Supplied material:
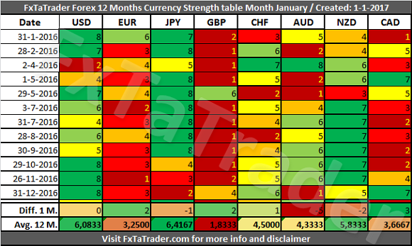 The 12 Months Currency Strength and the 12 Months Average are provided here below. This data and the "12 months Currency Classification" are considered for deciding on the preferred range. Because it is not ideal nor desired to change the range for a currency every single month, we perform several checks to avoid this.
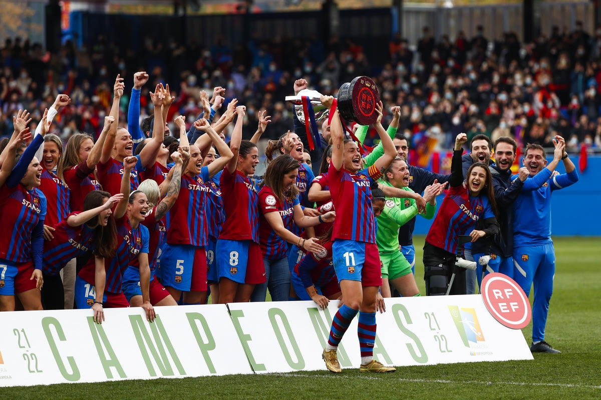Οι παίκτριες της Μπαρτσελόνα πανηγυρίζουν την κατάκτηση της Primera División Femenina 2021-2022 ύστερα από τη νίκη επί της Ρεάλ στο "Γιόχαν Κρόιφ", Βαρκελώνη | Κυριακή 13 Μαρτίου 2022
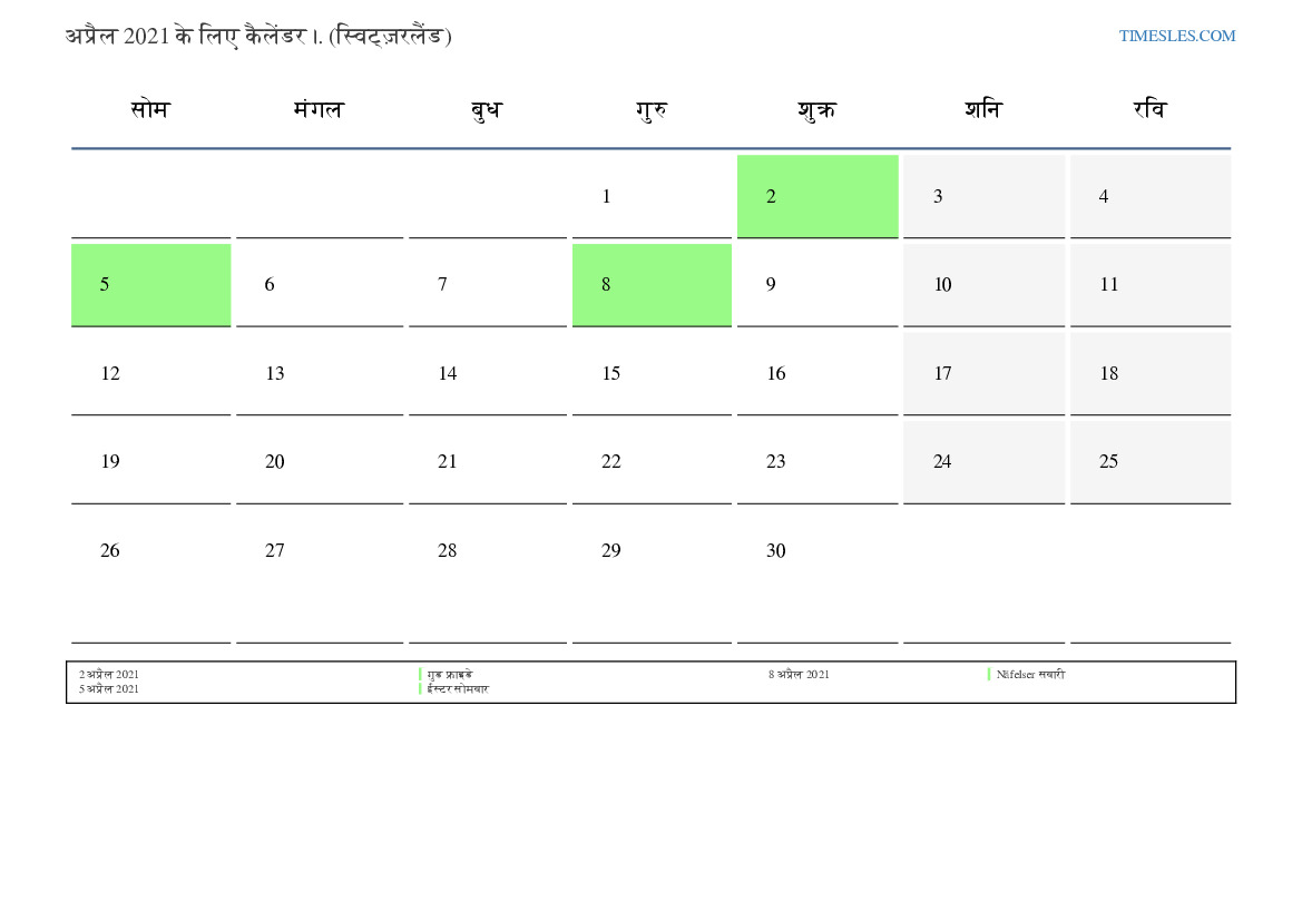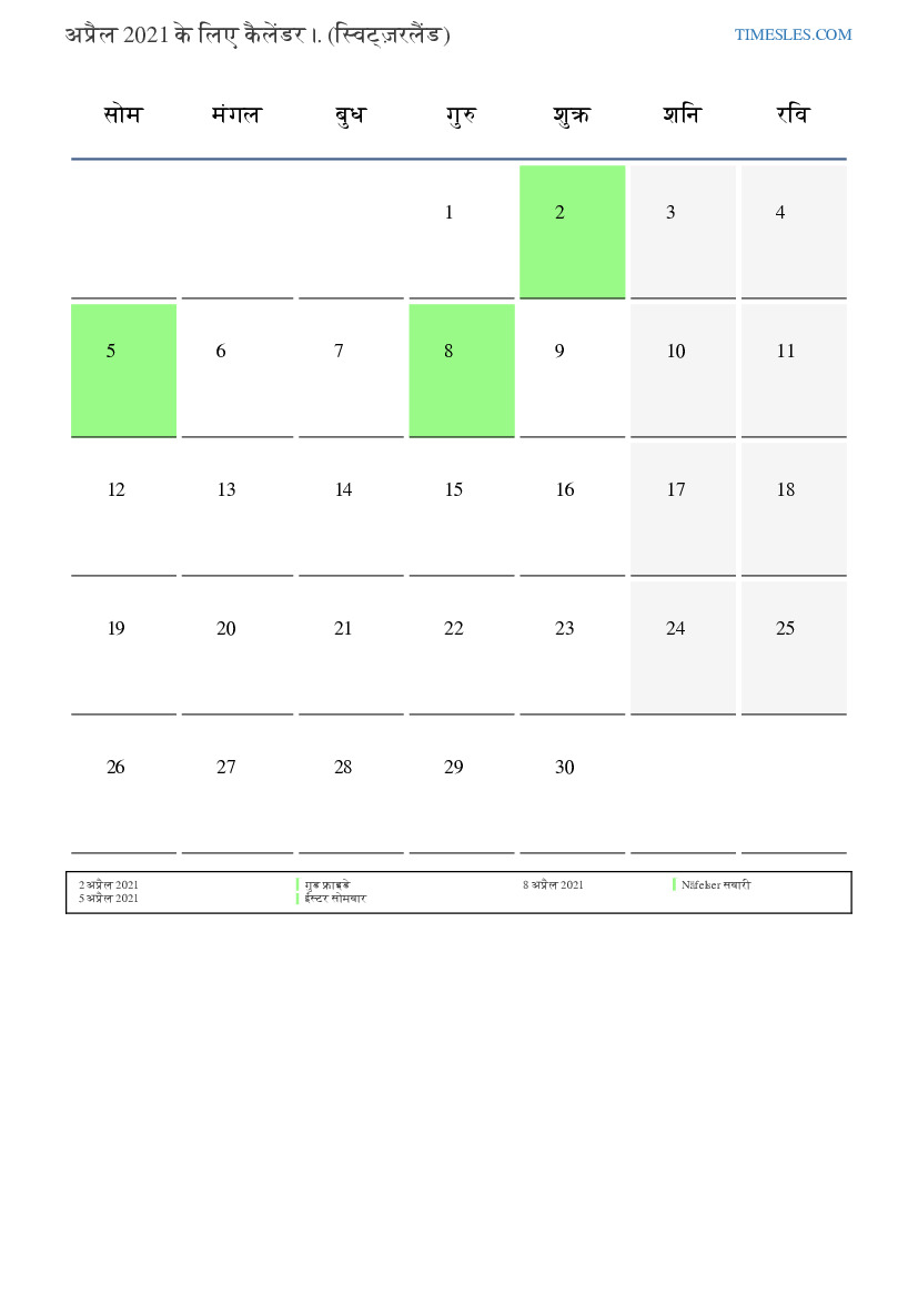 स्विट्जरलैंड के लिए अप्रैल 2021 के लिए छुट्टियों और सप्ताहांत कैलेंडर

What is being asked:
What you return should be the whole listing, word for word, without its pictures.

Result for this exercise:
 The 12 Months Currency Strength and the 12 Months Average are provided here below. This data and the "12 months Currency Classification" are considered for deciding on the preferred range. Because it is not ideal nor desired to change the range for a currency every single month, we perform several checks to avoid this.
Οι παίκτριες της Μπαρτσελόνα πανηγυρίζουν την κατάκτηση της Primera División Femenina 2021-2022 ύστερα από τη νίκη επί της Ρεάλ στο "Γιόχαν Κρόιφ", Βαρκελώνη | Κυριακή 13 Μαρτίου 2022
 स्विट्जरलैंड के लिए अप्रैल 2021 के लिए छुट्टियों और सप्ताहांत कैलेंडर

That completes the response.